34 923 Wijziging van een aantal wetten op het terrein van het Ministerie van Volksgezondheid, Welzijn en Sport teneinde misslagen en omissies te herstellen (Verzamelwet VWS 2018)

Nr. 5 VERSLAG

Vastgesteld 2 mei 2018

De vaste commissie voor Volksgezondheid, Welzijn en Sport, belast met het voorbereidend onderzoek van voorliggend wetsvoorstel, heeft de eer als volgt verslag uit te brengen van haar bevindingen.

Onder het voorbehoud dat de in het verslag opgenomen vragen en opmerkingen afdoende door de regering worden beantwoord, acht de commissie de openbare behandeling van het wetsvoorstel voldoende voorbereid.

Inhoudsopgave

ALGEMEEN

1

Uitvoeringstoets NZa

2

Gevolgen voor de regeldruk

2

Overig

2

   

ARTIKELSGEWIJS

2

ALGEMEEN

De leden van de VVD-fractie hebben met interesse kennisgenomen van de Verzamelwet 2018. Zij hebben daarbij nog de volgende vragen en opmerkingen.

De leden van de CDA-fractie hebben met belangstelling kennisgenomen van de Verzamelwet VWS 2018. Deze leden hebben enkele vragen bij het wetsvoorstel.

De leden van de GroenLinks-fractie hebben kennisgenomen van de Verzamelwet VWS 2018.

De leden van de SP-fractie hebben met belangstelling kennisgenomen van de voorgestelde wijzigingen. Deze leden hebben naar aanleiding van de Verzamelwet VWS 2018 alvast onderstaande opmerkingen en vragen.

Uitvoeringstoets NZa

De leden van de GroenLinks-fractie vragen of het handhavingsinstrumentarium van de Nederlandse Zorgautoriteit (NZa) in het toezicht op het Centraal Administratie Kantoor (CAK) nu de facto wordt verminderd doordat er geen last onder dwangsom meer kan worden opgelegd. Wat is de argumentatie dat «naming and shaming» voldoende is?

In hoeverre verandert inhoudelijk gezien het toezicht op het CAK nu dit onder de NZa valt, zo vragen de voornoemde leden.

Gevolgen voor de regeldruk

De leden van de VVD-fractie vragen waarom het advies van het Adviescollege Toetsing Regeldruk (ATR), over het verduidelijken van bestaande regelingen voor particulieren en bedrijven die tweedehands technische voortbrengselen verhandelen, niet is opgenomen in het wetsvoorstel. Wat was precies het voorstel van ATR en wat was de aanleiding?

Overig

De leden van de GroenLinks-fractie vragen de regering een uitgebreidere motivering en toelichting te geven op de overige toevoegingen.

ARTIKELSGEWIJS

Artikel I

De leden van de VVD-fractie vragen of bevestigd kan worden dat de exportverklaring niet verplicht wordt door deze wijziging van de Tabaks- en rookwarenwet, maar dat bedrijven, indien dit nodig is voor de export, dit vrijwillig kunnen aanvragen.

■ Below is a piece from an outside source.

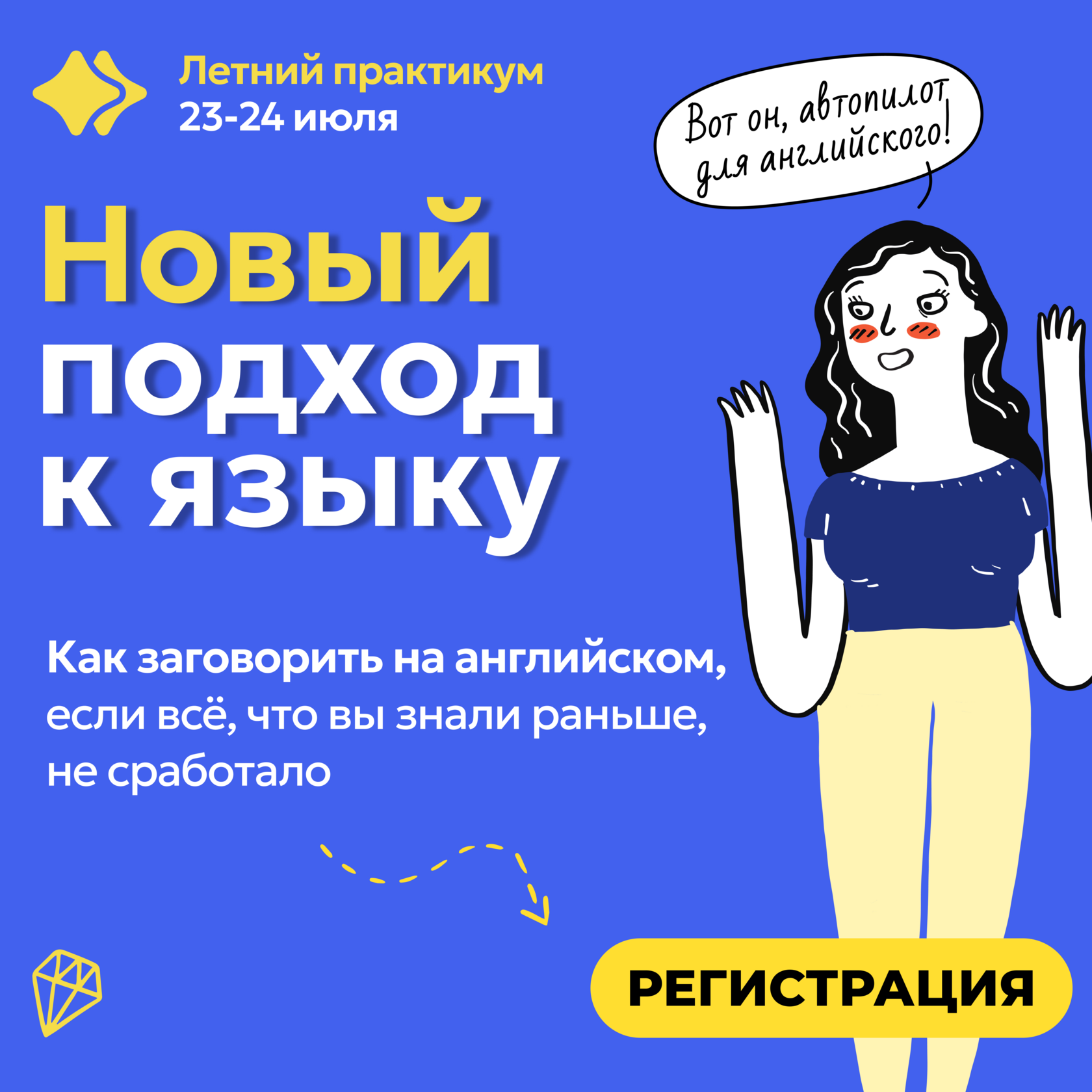 ✨ Поэтому — я решила выйти в эфир ещё раз. Практикум «Английский на автопилоте: чтобы понимать и говорить уверенно» пройдёт снова — 23 и 24 июля в 12:00, 15:00 и 20:00 мск. Программа совершенно уникальная. Я ее делала с учетом фишек, которые узнала за время преподавания в американском университете. Такую информацию в интернете не найти. | | | ✋ За два дня летнего практикума я перепрошью ваш мозг так, чтобы вы начали говорить на английском автоматически. Без зубрежки и без перевода в голове. Говорить сразу интуитивно – так, как это делают дети, когда осваивают новый язык. Это не вызывает у них никаких трудностей. Они не думают о том, как собрать фразу, какое время использовать, а какой предлог тут нужен – они просто общаются. И вы тоже так можете – можете говорить на английском, будто на автопилоте, без зависания и без перевода в голове. Да, это реально. И для этого не нужно знать все слова и грамматику, не нужны какие-то особые склонности или годы учебы.Что вы узнаете на летнем практикуме:- Как перестать переводить в голове и начать думать на английском.

De leden van de CDA-fractie vragen een nadere toelichting waarom in de Tabaks- en rookwarenwet de mogelijkheid van een exportverklaring opgenomen moet worden. Welke derde landen vragen momenteel om een dergelijke verklaring en met welke reden? Welke nadere regels is de regering van plan om op te stellen over de afgifte van exportverklaringen?

De leden van de SP-fractie lezen dat in artikel 12a, lid 2 van de Tabaks- en rookwarenwet wordt aangegeven dat de Minister omtrent de uitvoering van de afgifte van verklaringen nadere regels stelt met betrekking tot de inhoud van de verklaringen en de gronden waarop verklaringen kunnen worden gewijzigd. De leden van de SP-fractie zijn benieuwd naar de inhoud van de nader te stellen regels.

De verklaring kan worden afgegeven voor in Nederland geproduceerde tabaksproducten of aanverwante producten of voor tabaksproducten of aanverwante producten die vanuit een ander EU-land, via Nederland naar een derde land wordt geëxporteerd. Aangegeven wordt dat het om ongeveer 40.000 verklaringen per jaar gaat. Kan aangegeven worden hoeveel van de 40.000 verklaringen worden afgegeven voor respectievelijk:

  • in Nederland geproduceerde tabaksproducten;

  • in Nederland geproduceerde aanverwante producten;

  • tabaksproducten die vanuit een ander EU-land, via Nederland naar een derde land worden geëxporteerd;

  • aanverwante producten die vanuit een ander EU-land, via Nederland naar een derde land worden geëxporteerd.

Artikel II

De leden van de VVD-fractie merken op dat vanwege EU-jurisprudentie er wederkerigheid moet zijn. Wat houdt die wederkerigheid precies in? Kan het voorkomen dat er producten in Nederland op de markt komen uit EU-landen, die niet voldoen aan de Nederlandse eisen? Zijn de eisen voor producten in andere EU-landen wel altijd vergelijkbaar met elkaar?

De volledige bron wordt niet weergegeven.